With the development of deep learning and the progress of Artificial Intelligence (AI), deep learning methods have been widely applied in the fields of natural language processing, computer vision, intelligent decision making, and the like. Inspired by the successful application of deep learning, many deep learning classifiers have been developed for HSI classification with excellent performance, such as Stacked Automatic Encoders (SAEs), Recurrent Neural Networks (RNN), and Convolutional Neural Networks (CNN). Compared with a machine learning method, the deep learning classifier can automatically learn deep complex features of the HSI. Among the above deep learning methods, CNN shows a bright foreground and is widely used. In addition, as deep learning progresses, various CNN-based methods are proposed, from one-dimensional CNN to three-dimensional CNN, from single CNN to hybrid CNN, from shallow CNN to deep CNN. However, early CNN methods only learned local spatial information and could not extract deep spatio-spectral features of HSI, such as disclosed in "CNN-based multi-layer spatial-spectral fusion and sample amplification with local and non-local constraints for hyper-spectral image classification," IEEE J.Sel.topics application.earth observer.Remote Sens., vol.12, No.4, pp.1299-1313, Apr.2019, published by J.Feng et al. To overcome these drawbacks, different forms of CNN methods are beginning to emerge. Recently, some advanced CNN techniques such as spectral-spatial attention networks and dynamic convolution kernels have been explored to improve CNN-based approaches.
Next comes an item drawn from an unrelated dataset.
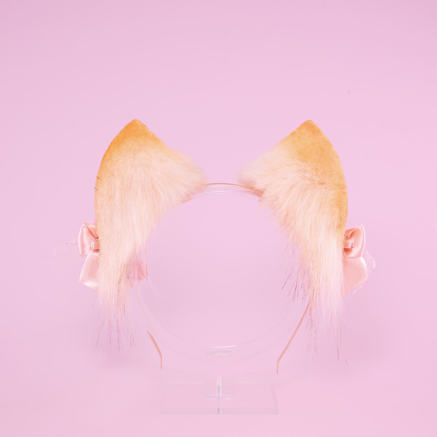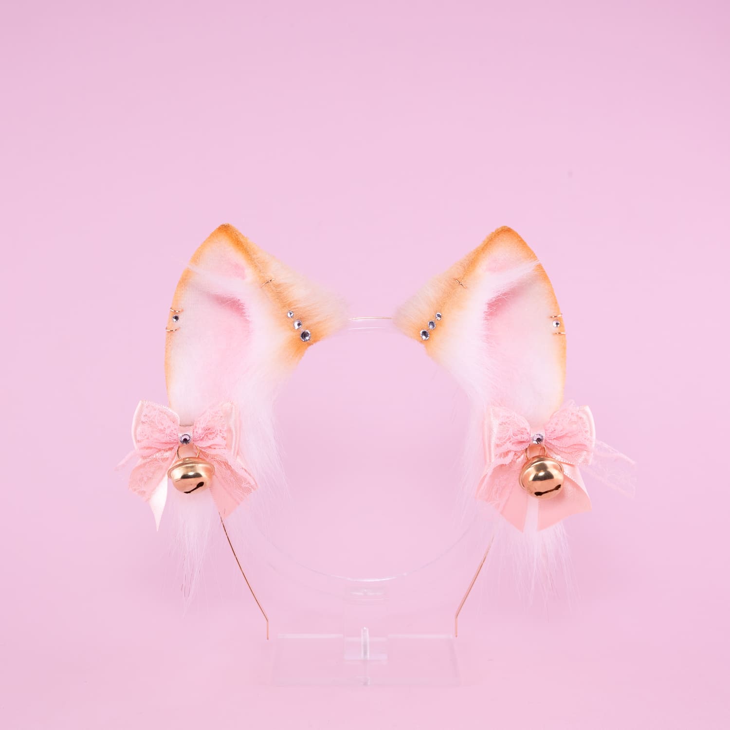 Beige kitten shaped ears, approximately 2.5 inches, decorated with metal hoops, rhinestones and bows with bells. Ears are fully wired and posable on a metal headband. Made of luxury quality faux fur and crystals.

However, CNNs require a large number of training tags to train the network, which contradicts the tag deficiency in HSI and these advanced CNN deep learning models are designed for euclidean data, the inherent correlation between adjacent land covers is often neglected, making the above methods unable to learn the relationship between labeled and unlabeled data, such as that disclosed in "a CNN with scale association and transformed method for hyperspectral identification," trans.

Therefore, the convolutional neural network in both the traditional machine learning method and the deep learning faces certain limitation in the hyperspectral classification.

Disclosure of Invention

In order to overcome the problem that the convolutional neural network faces limitation in hyperspectral classification in the traditional machine learning method and the deep learning method, the invention aims to provide a novel hyperspectral image classification method of a multi-scale receptive field map attention neural network.

The concept and technical solution of the present invention will now be described as follows:

the basic concept of the invention is that in a convolutional neural network, a superpixel segmentation algorithm is adopted to refine local spatial features of original HSI, two layers of one-dimensional CNNs are provided to extract superpixels and spectral features capable of being automatically learned, edges of a graph and local semantic features of a learning graph are introduced into a graph attention network (GAT), a multi-scale receptive field GAT is provided for extracting local-global adjacent node features and edge features, and finally, a graph attention network and a softMax function are utilized to perform multi-receiving feature fusion and pixel label prediction.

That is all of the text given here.